▸ **What you will do**
In the listing below, the lines starting at the line with "仪式上,张秋生和张明耀共同为" and ending at the line with "ร.ต.อ.นิกร หุ้ยล่อง รอง" are to be output verbatim. Images stay out of the copy.

▸ **Source material**

════

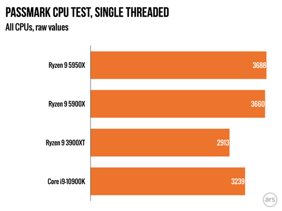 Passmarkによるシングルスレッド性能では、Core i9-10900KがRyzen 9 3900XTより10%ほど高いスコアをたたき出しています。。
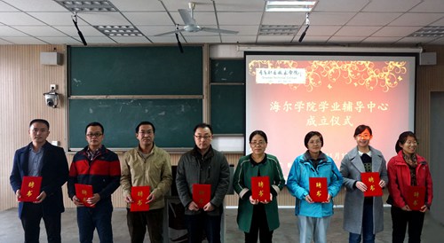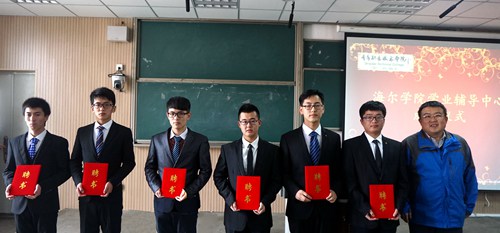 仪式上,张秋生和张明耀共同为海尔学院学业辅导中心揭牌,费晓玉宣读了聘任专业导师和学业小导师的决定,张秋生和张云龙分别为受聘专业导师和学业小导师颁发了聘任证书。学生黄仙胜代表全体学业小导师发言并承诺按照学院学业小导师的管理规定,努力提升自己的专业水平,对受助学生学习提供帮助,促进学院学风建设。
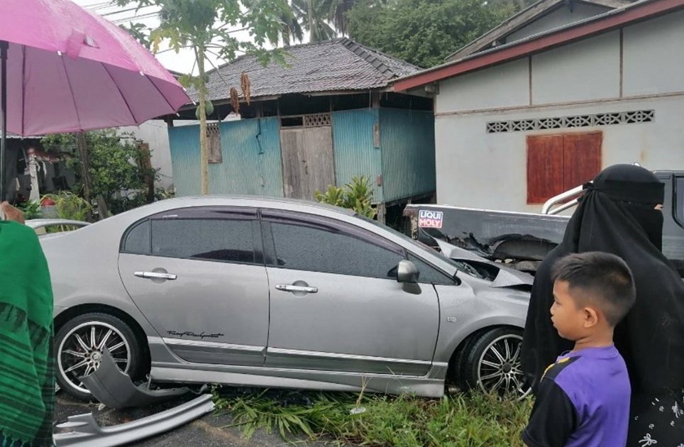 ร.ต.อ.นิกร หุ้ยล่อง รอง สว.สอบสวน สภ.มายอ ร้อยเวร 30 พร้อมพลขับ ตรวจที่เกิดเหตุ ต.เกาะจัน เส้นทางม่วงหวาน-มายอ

════

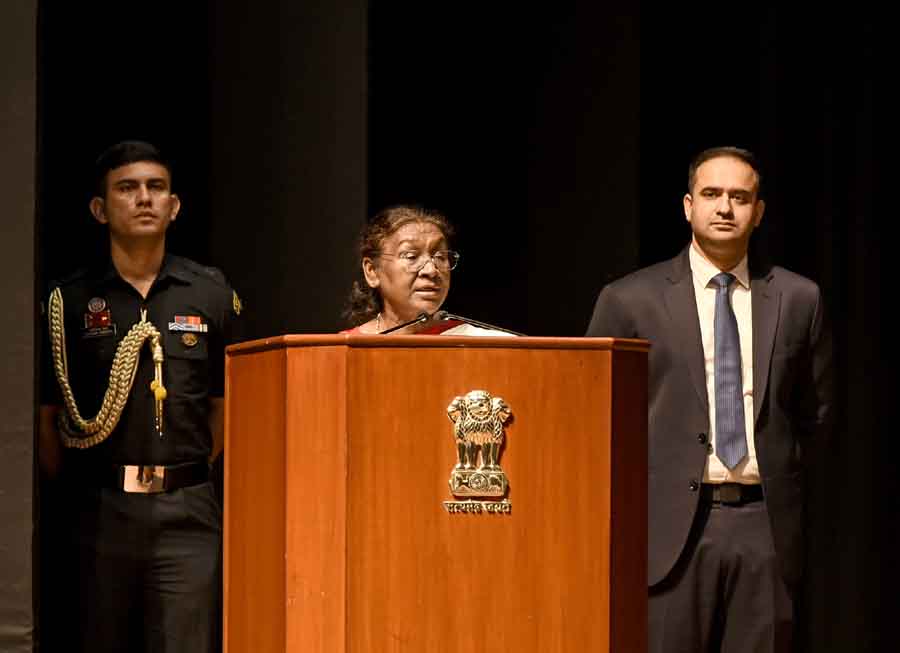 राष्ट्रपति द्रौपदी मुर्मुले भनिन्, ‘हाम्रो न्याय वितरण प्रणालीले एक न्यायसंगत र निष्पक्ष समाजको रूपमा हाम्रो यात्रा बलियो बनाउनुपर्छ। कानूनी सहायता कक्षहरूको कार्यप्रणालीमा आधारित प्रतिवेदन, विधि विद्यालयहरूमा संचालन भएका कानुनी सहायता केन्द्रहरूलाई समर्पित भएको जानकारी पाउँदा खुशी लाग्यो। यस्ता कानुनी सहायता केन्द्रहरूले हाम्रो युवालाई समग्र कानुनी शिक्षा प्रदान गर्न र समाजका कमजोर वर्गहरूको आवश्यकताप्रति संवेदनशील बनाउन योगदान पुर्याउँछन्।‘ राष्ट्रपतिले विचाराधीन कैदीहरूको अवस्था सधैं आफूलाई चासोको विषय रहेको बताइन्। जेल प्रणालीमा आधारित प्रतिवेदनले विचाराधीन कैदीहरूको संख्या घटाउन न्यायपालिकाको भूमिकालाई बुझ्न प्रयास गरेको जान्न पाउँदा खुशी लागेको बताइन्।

════

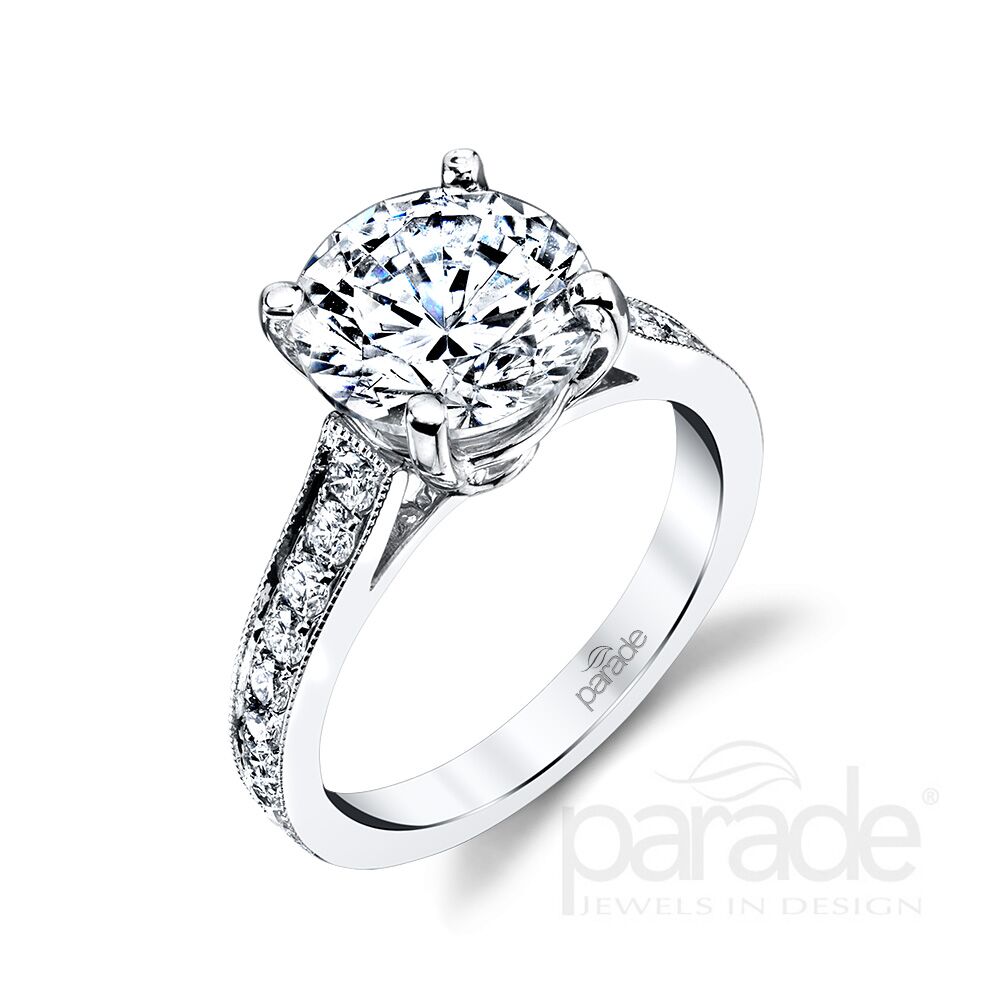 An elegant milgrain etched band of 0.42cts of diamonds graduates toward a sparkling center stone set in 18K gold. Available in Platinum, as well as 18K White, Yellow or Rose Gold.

════

▸ **Reply to the task**
 仪式上,张秋生和张明耀共同为海尔学院学业辅导中心揭牌,费晓玉宣读了聘任专业导师和学业小导师的决定,张秋生和张云龙分别为受聘专业导师和学业小导师颁发了聘任证书。学生黄仙胜代表全体学业小导师发言并承诺按照学院学业小导师的管理规定,努力提升自己的专业水平,对受助学生学习提供帮助,促进学院学风建设。
 ร.ต.อ.นิกร หุ้ยล่อง รอง สว.สอบสวน สภ.มายอ ร้อยเวร 30 พร้อมพลขับ ตรวจที่เกิดเหตุ ต.เกาะจัน เส้นทางม่วงหวาน-มายอ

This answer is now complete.